Togo’s shea industry, though on an upward growth trajectory, could still use a boost.
A 2017 study by LMC International for the Global Shea Alliance (GSA) ranks Togo as the 7th largest shea producing country, with 5% of the West African shea export market. Annually, the Togolese shea sector produces between 20,000 to 25,000 tons of kernels per year. However, stakeholders believe this could be scaled up considerably.
One of those stakeholders is the Lomé-based Nouvelle Industrie des Oleagineux du Togo (NIOTO), a private sector agro-industrial business that produces butter from shea kernels. NIOTO has partnered with the local NGO Action et Gestion des Insuffisances et Initiatives Rurale (AGIR), which focuses on sustainable development, to implement specific shea-related activities in relevant regions across Togo. The partnership will build five warehouses and strengthen the business knowledge of 4,000 women, with the expectation that those women will then be able to produce and sell 5,000 tons of shea kernels per year.
Women collectors and processors in the shea value chain in countries like Togo, and also Benin, Burkina Faso and Mali, are a focus because of their integral role in shea production.
Etienne Kombate, Commercial and Logistics Director at NIOTO, said, “Women are playing a major role in this sector, and are considered to be the main anchor of the shea supply chain, and are involved at each level from the collection, through to the processing and selling of the kernels.”
For private sector entities like NIOTO, the new partnership, established through the Enhanced Integrated Framework-funded PRADCIFK initiative, removes levels of complexities in their supply chain, driving more traceability and transparency because it creates a more direct supply chain with fewer intermediaries.
GSA is leading efforts to establish public-private partnerships (PPPs) such as the one between NIOTO and AGIR, which are crucial to driving sustainable growth in the shea industry. This kind of work presents an opportunity to contribute to the strategic organization of a more inclusive and sustainable trade in shea kernels, as the women collectors trained and formed into cooperatives are able to aggregate higher volumes, and secure and manage contracts with NIOTO. The commercial relationship created is expected to increase women’s income by more than 30% over the next two years.
The new partnership will work at strengthening capacities in entrepreneurship and business development alongside setting up critical infrastructure such as storage warehouses – both needed elements to boost the sector.

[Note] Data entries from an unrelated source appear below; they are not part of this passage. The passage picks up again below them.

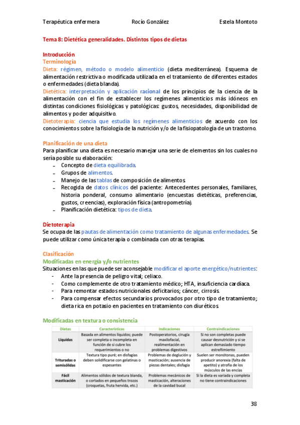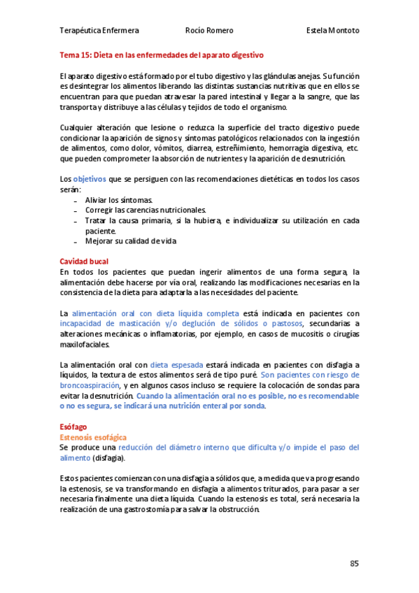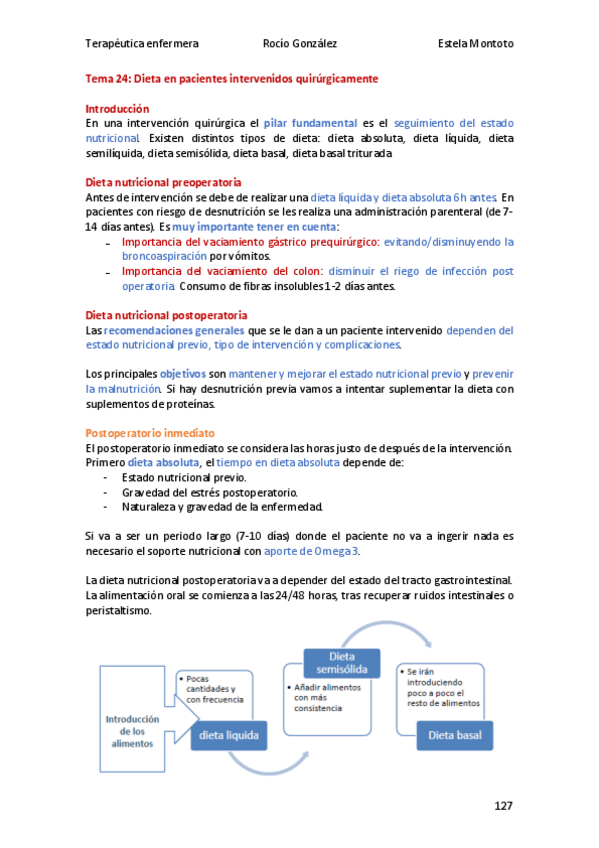 Terapéutica Enfermera, Alimentación y Cuidados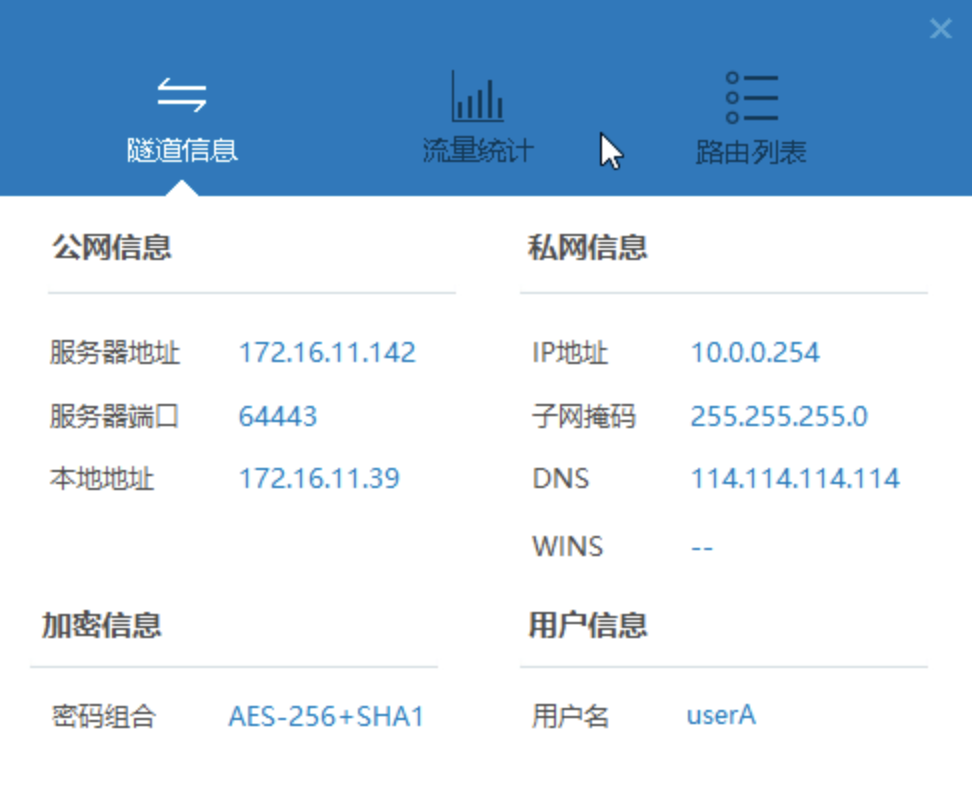VPN 认证用户:userA ,密码:654321(本地认证,统一登录账号)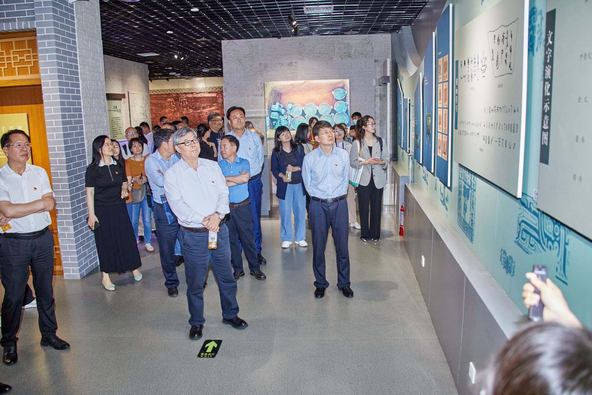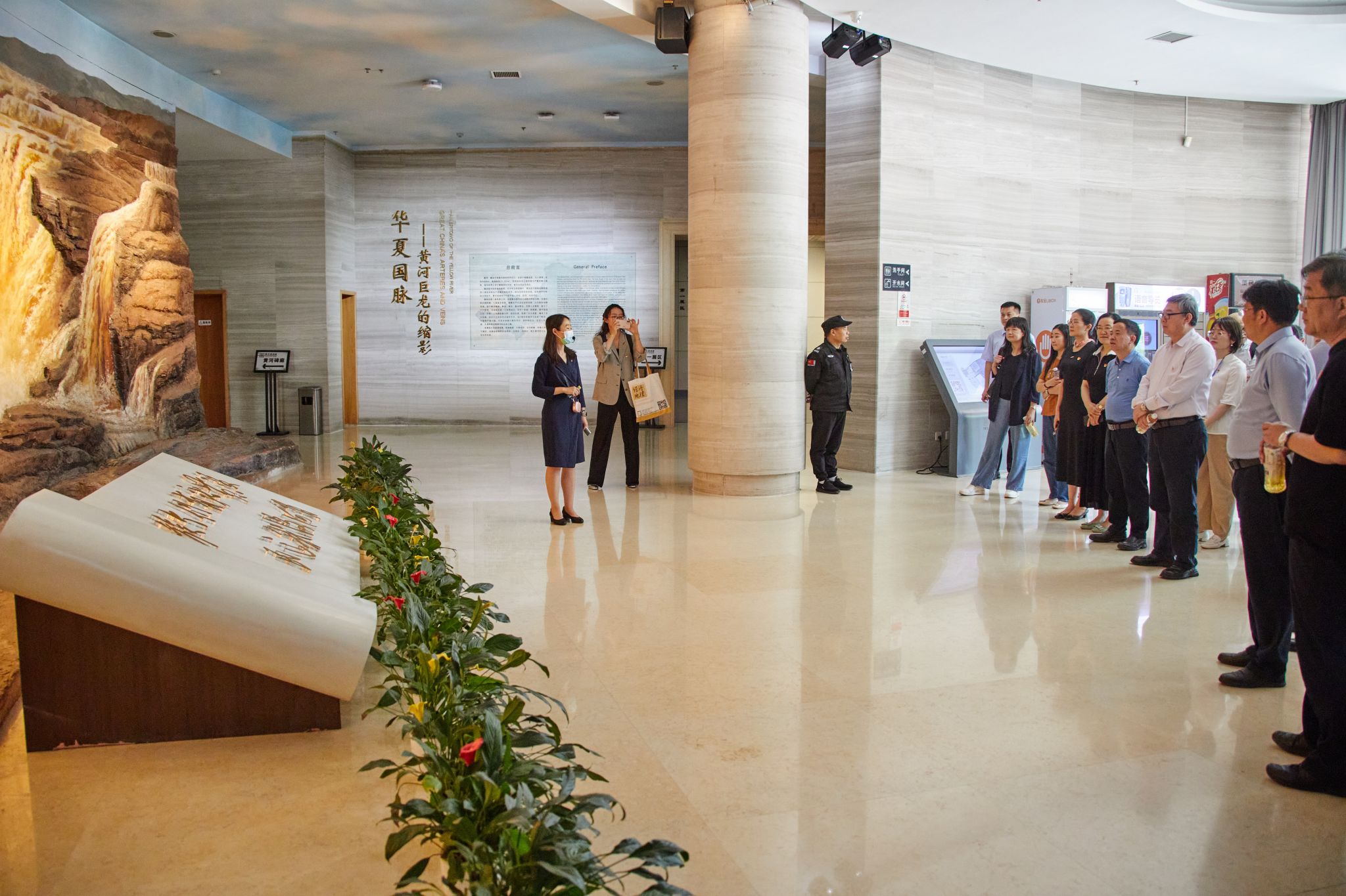 在解说员的带领下,党员同志参观了黄河博物馆主题展“华夏国脉——黄河巨龙的缩影”。大家通过观看照片、历史文献、文物标本、录像视频、三维动画等方式,依次对流域地理、民族摇篮、千秋治河、治河新篇、和谐之路等展厅进行参观,深入了解了黄河流域的地理地貌、自然概况、历史文化、文明发展、水患治理、生态保护的历史变迁等,深切感知了黄河文化的源远流长、灿烂丰富。黄河文化是中华文明的重要组成部分,参观黄河博物馆就是对这部千秋治黄史的深入解读和感悟。“一部治黄史,半部中国史。”这部治黄史,是由洪水肆虐到岁岁安澜的历史,是由百废待兴到万象更新的历史,是由过度开发到生态优先的历史,中华民族在同黄河水患的斗争中展现的不屈不挠、顽强拼搏的奋斗精神令人动容。
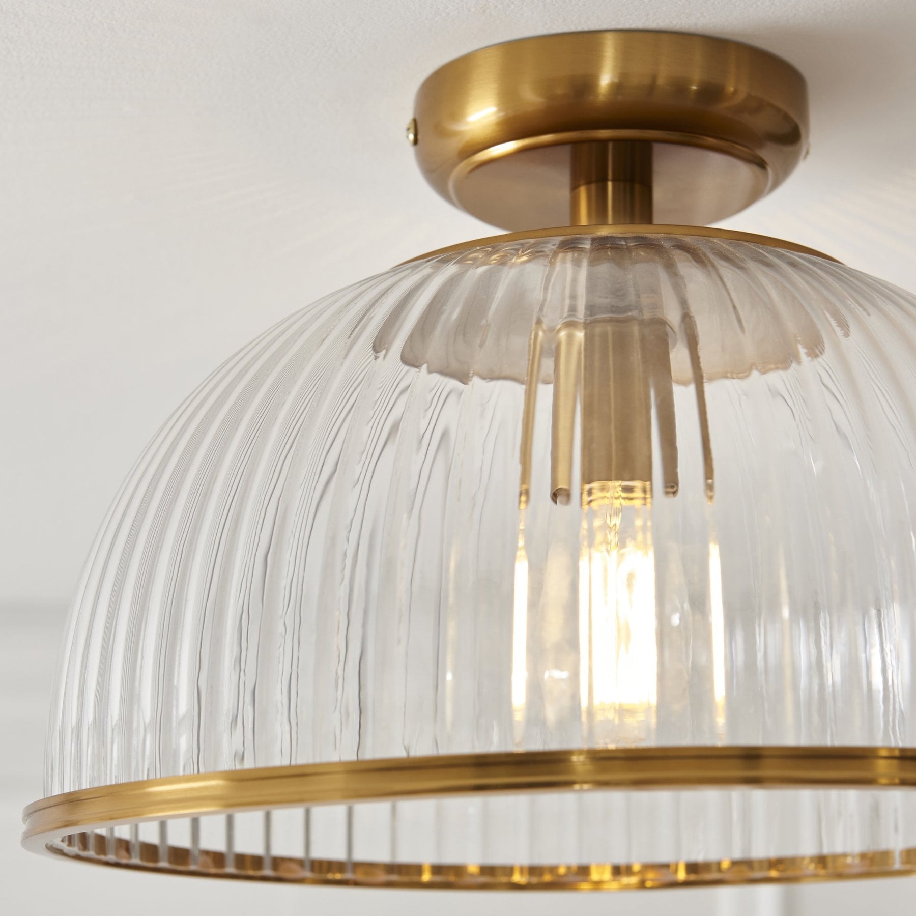 Bring elegance to your ceiling with this E27 flush ceiling light, featuring a ribbed dome-shaped clear glass shade that diffuses warm illumination with refined charm. The warm brass banding and base add a touch of vintage sophistication, making it an ideal statement piece for hallways, kitchens, or bedrooms, ideal for lower ceilings where style is essential.

Tekentou Tchepan, Project Manager for the Enhanced Integrated Framework’s work in Togo, said, “NIOTO is part of a network of transformers including several private firms that are really committed to working hand-in-hand with partners from the non-private sectors to devise innovative solutions to the challenges impacting the Togolese shea sector. We believe we’re already on course to doing this through this project.”
Even though shea has been recognized as a key crop for export diversification, the industry hasn’t achieved this due to limitations with processing and marketing shea at scale.
Kombate said, “This partnership will enable private companies such as NIOTO to get more raw materials and of the highest quality. The NGOs have capability to mobilise women around specific topics in order to build up harvest capacity and quality control in kernels processing.”
The warehouses provided by the NIOTO-AGIR partnership to the women shea collectors will ensure the safe storage and efficient processing of shea kernels. This helps women get higher prices for their kernels, thereby giving more value to the product. It will also facilitate market linkages between these local sellers to international markets to improve sales and revenues – some of the key reasons why PPPs remain crucial for the development of the shea sector.
GSA Executive Committee Women’s Group representative Mamatou Djaffo believes the venture will contribute to growing the shea industry, not only in Togo but in other West African countries.